Pravo writes that the capacity has been exceeded in 15 out 35 prisons, in one by as much as one quarter.

A similar situation existed in 2012 already, when there were 23,500 inmates in the prisons with a total capacity of around 20,000 and another 5,000 prisoners were waiting for starting serving their prison sentences, Pravo writes.

The situation was solved by the transformation of offices, stores and social rooms in the prisons into cells, Pravo writes.

It writes that if the average increase in the number of prisoners of the past two years remained the same, the situation would repeat at the end of next year.

Hana Loeffelmannova, spokeswoman for the Prison Service, however, told Pravo that the pre-amnesty situation will return in 2017 only.

She said the Prison Service is considering several alternatives of raising the capacity of prisons, including the reconstruction of the buildings that are not destined for prisoners at present.

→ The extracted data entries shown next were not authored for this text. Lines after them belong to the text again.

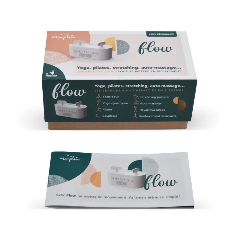 Avec la Box Flow de MORPHEE, bougez a votre rythme grâce a 256 séances audio de yoga, pilates, stretching, réveil musculaire et auto-massage. Conçue par une équipe d'experts, elle vous guide dans des pratiques adaptées a tous les niveaux, sans écran ni distraction. Choisissez la durée qui vous convient (10, 15, 30 ou 40 minutes) et laissez-vous porter par des voix apaisantes, masculines ou féminines. Flow est une invitation a se reconnecter a son corps, où que vous soyez. Son enceinte intégrée permet une utilisation simple et immédiate, sans besoin de connexion. Idéale pour instaurer une routine bien-etre, Flow vous accompagne dans votre épanouissement physique et mental, en toute liberté.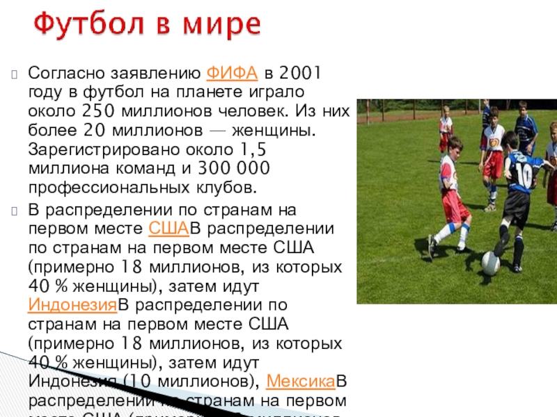 Слайд 6Согласно заявлению ФИФА в 2001 году в футбол на планете играло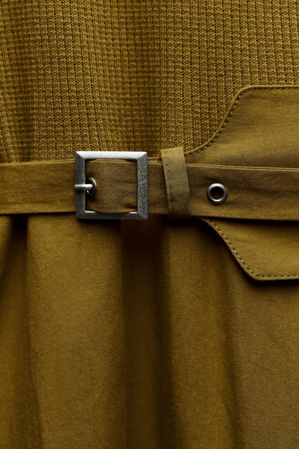 Vestido midi de escote redondo y manga larga. Cintura ajustable con hebilla metálica. Detalle de combinación de tejidos a tono. Bajo acabado en línea evasé.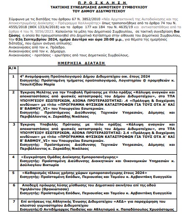 Διπλή συνεδρίαση σήμερα, Τρίτη 2 Σεπτεμβρίου 2024 για το Δημοτικό Συμβούλιο Διδυμοτείχου με μία τακτική και μία ειδική συνεδρίαση Λογοδοσίας της Δημοτικής Αρχής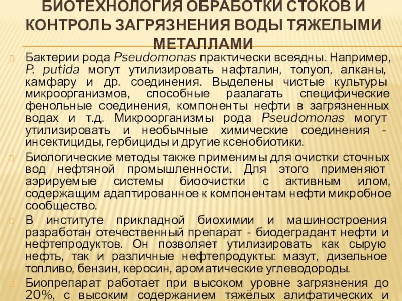 Слайд 13Биотехнология обработки стоков и контроль загрязнения воды тяжелыми металлами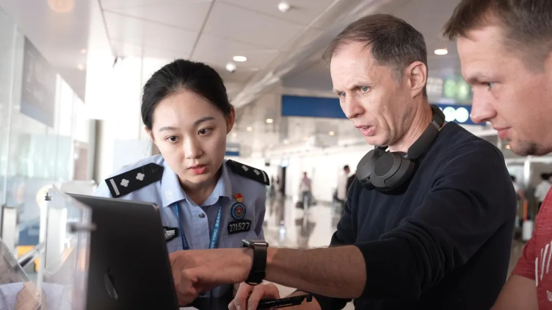 武汉边检站民警指导天河机场外籍旅客线上填报外国人入境卡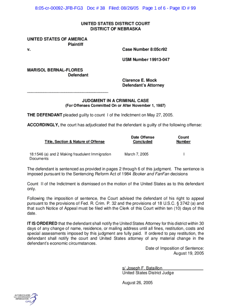 8:05cr00092JFBFG3 Doc # 38 Filed: 08/26/05-Page 1 of 6-Page ID # 99 UNITED STATES DISTRICT COURT DISTRICT OF NEBRASKA UNITED STATES OF AMERICA Plaintiff v. Case Number 8:05cr92 US Number 19913047MARISOL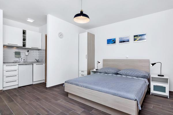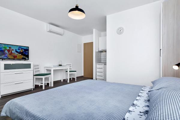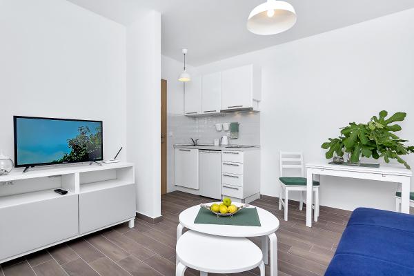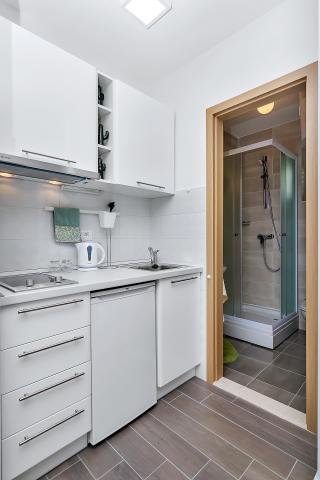 Nowo wyremontowane iw pełni wyposażone apartamenty w centrum miasta. Znajdują się one przy cichej ulicy, zaledwie kilka minut od nabrzeża i wszystkich udogodnień. Blisko dworca autobusowego. Tylko 10 minut od najbliższej plaży. Zapewniony bezpłatny parking przed domem.

When the number of prisoners was culminating the last time, the former deputy justice minister, Daniel Volak, started negotiating with the Interior Ministry about the transfer of some complexes originally destined to accommodate refugees into prisons, Pravo writes.

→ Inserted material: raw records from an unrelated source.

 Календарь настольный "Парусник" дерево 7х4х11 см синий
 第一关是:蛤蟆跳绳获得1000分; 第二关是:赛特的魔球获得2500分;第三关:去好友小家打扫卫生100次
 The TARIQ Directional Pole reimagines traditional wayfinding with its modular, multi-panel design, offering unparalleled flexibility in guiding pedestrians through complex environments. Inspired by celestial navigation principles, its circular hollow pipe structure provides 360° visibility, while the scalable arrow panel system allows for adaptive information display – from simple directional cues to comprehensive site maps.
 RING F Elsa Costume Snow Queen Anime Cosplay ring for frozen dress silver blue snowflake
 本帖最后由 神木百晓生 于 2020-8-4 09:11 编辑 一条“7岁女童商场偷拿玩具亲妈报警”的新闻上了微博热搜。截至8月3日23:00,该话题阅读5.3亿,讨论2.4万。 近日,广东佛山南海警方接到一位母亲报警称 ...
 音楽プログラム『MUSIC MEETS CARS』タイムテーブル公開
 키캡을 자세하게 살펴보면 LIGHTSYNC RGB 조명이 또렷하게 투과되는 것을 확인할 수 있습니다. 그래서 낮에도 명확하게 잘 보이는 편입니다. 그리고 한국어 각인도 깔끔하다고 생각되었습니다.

It writes that one of them was the complex in Vysni Lhoty, north Moravia, that was to be rebuilt into a facility for 350 prisoners at a cost of 100 million crowns next year.

However, it was decided last week that the Vysni Lhoty complex will be used as a centre for refugees who are now flooding the south of Europe and whom the Czech Republic has pledged to accept, Pravo writes.

It writes that the refugee facility will have a capacity of around 250 people.